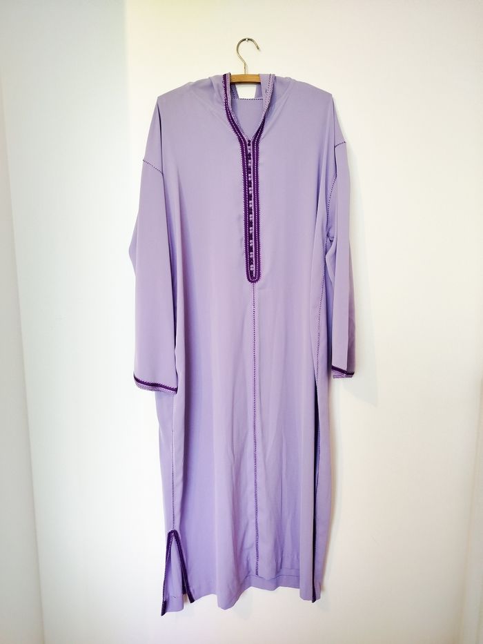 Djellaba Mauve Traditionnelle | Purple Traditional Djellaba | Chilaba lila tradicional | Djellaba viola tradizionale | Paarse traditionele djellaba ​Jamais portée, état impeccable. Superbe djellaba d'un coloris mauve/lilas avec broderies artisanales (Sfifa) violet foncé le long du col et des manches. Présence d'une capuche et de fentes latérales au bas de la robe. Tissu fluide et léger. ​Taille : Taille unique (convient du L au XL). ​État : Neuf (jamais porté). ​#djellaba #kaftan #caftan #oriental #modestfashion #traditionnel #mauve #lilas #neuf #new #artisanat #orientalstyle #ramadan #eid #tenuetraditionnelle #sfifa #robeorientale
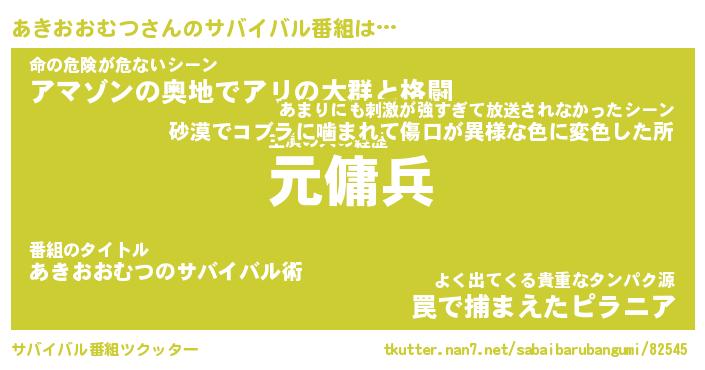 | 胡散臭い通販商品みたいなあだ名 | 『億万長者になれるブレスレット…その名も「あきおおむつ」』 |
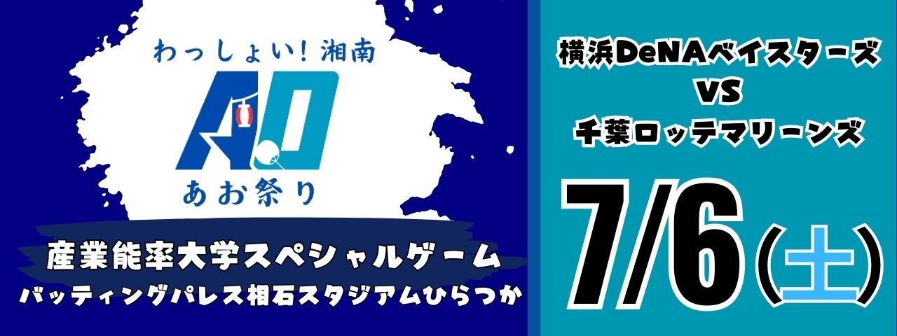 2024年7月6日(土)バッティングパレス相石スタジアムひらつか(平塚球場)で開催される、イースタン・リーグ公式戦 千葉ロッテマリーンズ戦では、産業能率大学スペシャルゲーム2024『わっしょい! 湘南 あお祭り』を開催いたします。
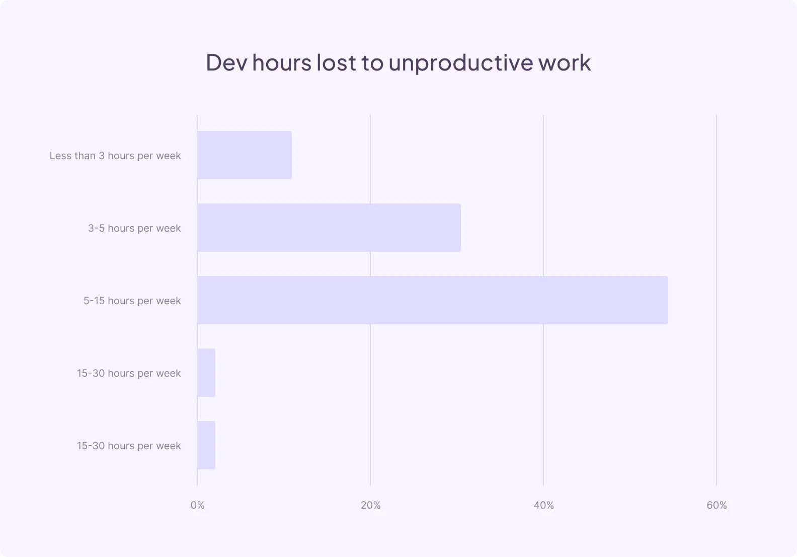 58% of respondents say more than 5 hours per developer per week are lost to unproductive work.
★ ★ ★ ★ ★ ★ ★
• PROBLEM TO SOLVE:
From the first line to the last, copy the listing above exactly, dropping all images.

• SOLVED EXERCISE:
 Djellaba Mauve Traditionnelle | Purple Traditional Djellaba | Chilaba lila tradicional | Djellaba viola tradizionale | Paarse traditionele djellaba ​Jamais portée, état impeccable. Superbe djellaba d'un coloris mauve/lilas avec broderies artisanales (Sfifa) violet foncé le long du col et des manches. Présence d'une capuche et de fentes latérales au bas de la robe. Tissu fluide et léger. ​Taille : Taille unique (convient du L au XL). ​État : Neuf (jamais porté). ​#djellaba #kaftan #caftan #oriental #modestfashion #traditionnel #mauve #lilas #neuf #new #artisanat #orientalstyle #ramadan #eid #tenuetraditionnelle #sfifa #robeorientale
 | 胡散臭い通販商品みたいなあだ名 | 『億万長者になれるブレスレット…その名も「あきおおむつ」』 |
 2024年7月6日(土)バッティングパレス相石スタジアムひらつか(平塚球場)で開催される、イースタン・リーグ公式戦 千葉ロッテマリーンズ戦では、産業能率大学スペシャルゲーム2024『わっしょい! 湘南 あお祭り』を開催いたします。
 58% of respondents say more than 5 hours per developer per week are lost to unproductive work.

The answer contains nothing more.